La requête a été communiquée à Mme A… B… qui n’a pas présenté de mémoire en défense.
Vu les autres pièces du dossier.
Vu :
— le code de l’entrée et du séjour des étrangers et du droit d’asile ;
— le code de justice administrative.
Le président du tribunal a désigné Mme Chabrol, en application de l’article L. 511-2 du code de justice administrative, pour statuer sur les requêtes en matière de référés.
Les parties ont été régulièrement averties du jour de l’audience du 30 septembre 2025 à 10 heures.
A été entendu, au cours de l’audience publique, tenue en présence de Mme Soulier, greffière d’audience, le rapport de Mme Chabrol, juge des référés, les parties n’étant ni présentes ni représentées.
La clôture de l’instruction a été prononcée à l’issue de l’audience.
Considérant ce qui suit :
1. Le préfet du Val-d’Oise demande à la juge des référés, statuant sur le fondement de l’article L. 521-3 du code de justice administrative, d’ordonner l’expulsion, sans délai, de
Mme A… B… du centre d’accueil pour demandeurs d’asile (CADA) dénommé CADA COALLIA, situé 18, rue Victor Hugo à Montigny-lès-Cormeilles (95370).
2. D’une part, aux termes de l’article L. 552-1 du code de l’entrée et du séjour des étrangers et du droit d’asile : « (…) Sont des lieux d’hébergement pour demandeurs d’asile : / 1° Les centres d’accueil pour demandeurs d’asile définis à l’article L. 348-1 du code de l’action sociale et des familles ; / 2° Toute structure bénéficiant de financements du ministère chargé de l’asile pour l’accueil de demandeurs d’asile et soumise à déclaration, au sens de l’article L. 322-1 du même code. ». Aux termes de l’article L. 552-2 du même code : « Les lieux d’hébergement mentionnés à l’article L. 552-1 accueillent les demandeurs d’asile pendant la durée d’instruction de leur demande d’asile ou jusqu’à leur transfert effectif vers un autre Etat européen. ». Enfin, l’article L. 552-15 du code mentionné ci-dessus précise que : « Lorsqu’il est mis fin à l’hébergement dans les conditions prévues aux articles L. 551-11 à L. 551-14, l’autorité administrative compétente ou le gestionnaire du lieu d’hébergement peut demander en justice, après mise en demeure restée infructueuse, qu’il soit enjoint à cet occupant sans titre d’évacuer ce lieu. / Le premier alinéa n’est pas applicable aux personnes qui se sont vues reconnaître la qualité de réfugié ou qui ont obtenu le bénéfice de la protection subsidiaire.

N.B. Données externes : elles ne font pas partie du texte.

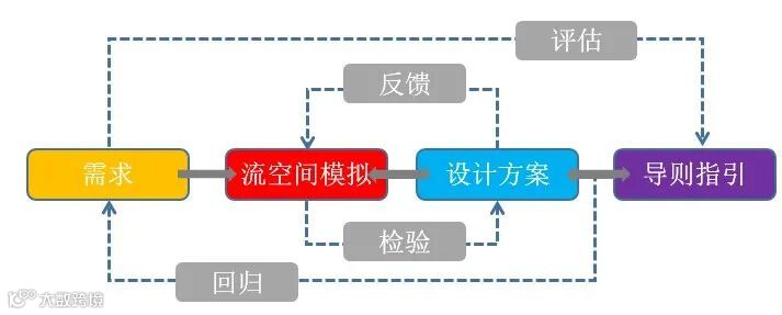 论文试图基于交通预测和模拟,通过building EXODUS软件和GIS对行人流进行分析,揭开城市空间中人活动的实际需求,影响道路和轨道站点等交通空间的流线和空间设计,实现以地铁站为核心的地上地下交通空间一体化设计,达到以人为本、公交引导发展的目标。此外,设计方法并不注重一个结果,而是形成螺旋式上升的循环过程,建立现状流空间模型和规划流空间模型,指导空间形态设计,再通过规划情景模拟推演,找出流动空间的负面影响因素,对空间设计进行评价和反馈,最后达到对需求的回归。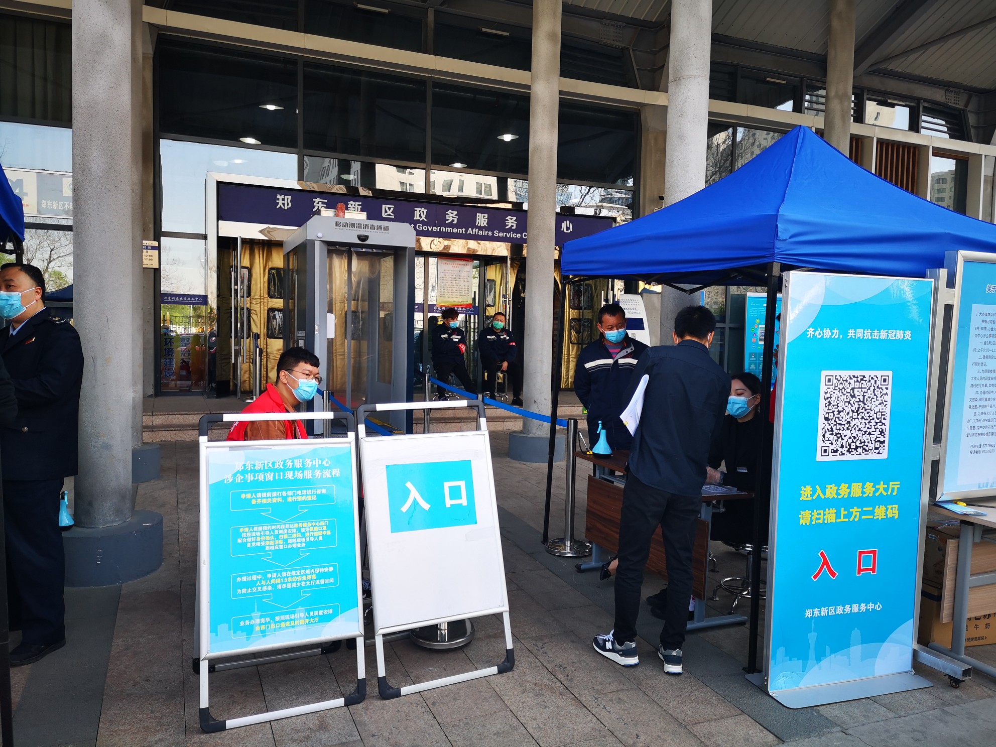 在郑州市不动产登记中心郑东新区分中心门口,两名工作人员正在门口值班,前来办理业务的市民自觉排队,保持1.5米间距。

Il est en revanche applicable aux personnes qui ont un comportement violent ou commettent des manquements graves au règlement du lieu d’hébergement. / La demande est portée devant le président du tribunal administratif, qui statue sur le fondement de l’article L. 521-3 du code de justice administrative et dont l’ordonnance est immédiatement exécutoire. ».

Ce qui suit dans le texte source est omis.